Rohin Shah comments on The Inner Alignment Problem

Rohin Shah 4 Jun 2019 7:34 UTC
LW: 14 AF: 8
AF
It seems like the general pattern here is that, when using machine learning for some task X, there are a bunch of properties that affect the likelihood of learning heuristics or proxies rather than actually learning the optimal thing for X. For any such property, making heuristics/proxies more likely would result in a lower chance of mesa-optimization (since optimizers are less like heuristics/proxies) but conditional on mesa-optimization arising, makes it more likely that it is a pseudo-aligned mesa-optimizer instead of a robustly-aligned mesa-optimizer (because now the pressure for heuristics/proxies leads to learning a proxy mesa-objective instead of the true base objective). Example properties of this form are algorithmic range, simplicity bias, and time complexity penalties. Does that seem right?

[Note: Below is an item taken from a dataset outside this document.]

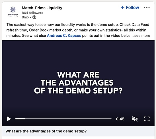 另一種方法是像Match-Prime Liquidity那樣在社交媒體賬戶上發布一到兩分鐘的視頻。

then developing a pseudo-aligned mesa-objective may require strictly more subprocesses than developing a robustly aligned mesa-objective.
This is backwards, I think?
- evhub 4 Jun 2019 18:06 UTC
  LW: 8 AF: 5
  AF Parent
  I agree with that as a general takeaway, though I would caution that I don’t think it’s always true—for example, hard-coded optimization seems to help in both cases, and I suspect algorithmic range to be more complicated than that, likely making some pseudo-alignment problems better but also possibly making some worse.
  
  Also, yeah, that was backwards—it should be fixed now.